Signed-off-by: Sean Christopherson <[email protected]>
---
 arch/x86/include/asm/kvm_host.h |   7 ++
 arch/x86/kvm/mmu/mmu.c          | 111 ++++++++++++++++++++++++++------
 2 files changed, 99 insertions(+), 19 deletions(-)

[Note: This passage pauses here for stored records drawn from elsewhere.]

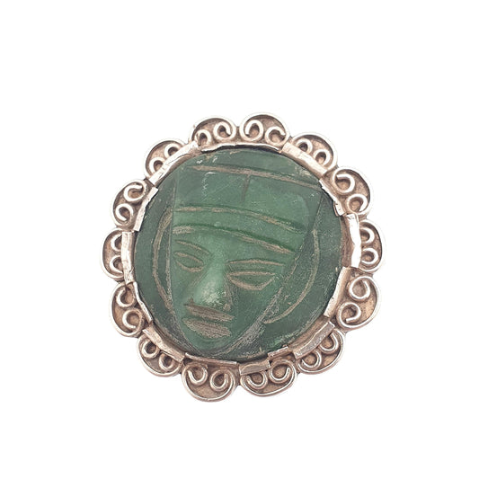 Old Vintage Solid Silver Pharoah Brooch Fluorite Cameo Handmade Egyptian Egypt Large Big Green Hardstone Authentic Womens Jewelry Jewellery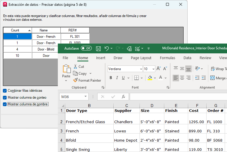La información almacenada en una hoja de cálculo de Excel se puede vincular y combinar con los datos de dibujo extraídos (datos de propiedades del dibujo). Siguiendo con el ejemplo anterior, dispone de cierta información adicional sobre las puertas del dibujo en una hoja de cálculo de Excel (proveedor y coste). Seleccione las columnas de proveedor y coste en la hoja de cálculo y combínelas con otros datos de la extracción de datos.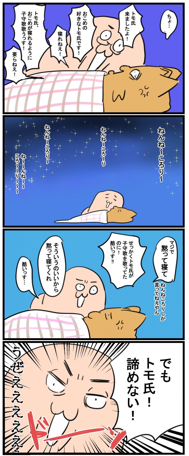 HOME > トモ氏 > トモ氏 雑記 寝る前のトモ氏が超絶ウザすぎる 2020年6月10日 Post Share Pocket Hatena LINE URLコピー ついに マジふざけんな 読んでいただきありがとうございました! ブログランキングに参加しています。 よろしければ押してくれるとうれしいです! 絵日記ランキング Post Share Pocket Hatena LINE URLコピー おすすめ記事 -トモ氏, 雑記 -ウザい, ウザい夫, ウザすぎる, おこめ, トモ氏, 子守歌, 寝る前, 暴言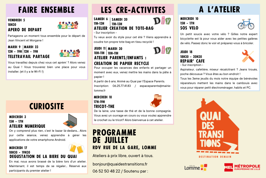 Le Quai des transitions - l'agenda de Juillet 2024

diff --git a/arch/x86/include/asm/kvm_host.h b/arch/x86/include/asm/kvm_host.h
index 1bab87a444d78..b14864f3e8e74 100644
--- a/arch/x86/include/asm/kvm_host.h
+++ b/arch/x86/include/asm/kvm_host.h
@@ -1138,6 +1138,13 @@ struct kvm_x86_ops {
 
        void (*load_mmu_pgd)(struct kvm_vcpu *vcpu, unsigned long cr3);
 
+       bool (*pin_spte)(struct kvm_vcpu *vcpu, gfn_t gfn, int level,
+                        kvm_pfn_t pfn);
+       void (*drop_pinned_spte)(struct kvm *kvm, gfn_t gfn, int level,
+                                kvm_pfn_t pfn);
+       void (*zap_pinned_spte)(struct kvm *kvm, gfn_t gfn, int level);
+       void (*unzap_pinned_spte)(struct kvm *kvm, gfn_t gfn, int level);
+
        bool (*has_wbinvd_exit)(void);
 
        /* Returns actual tsc_offset set in active VMCS */
diff --git a/arch/x86/kvm/mmu/mmu.c b/arch/x86/kvm/mmu/mmu.c
index 182f398036248..cab3b2f2f49c3 100644
--- a/arch/x86/kvm/mmu/mmu.c
+++ b/arch/x86/kvm/mmu/mmu.c
@@ -133,6 +133,9 @@ module_param(dbg, bool, 0644);
 #define SPTE_AD_WRPROT_ONLY_MASK (2ULL << 52)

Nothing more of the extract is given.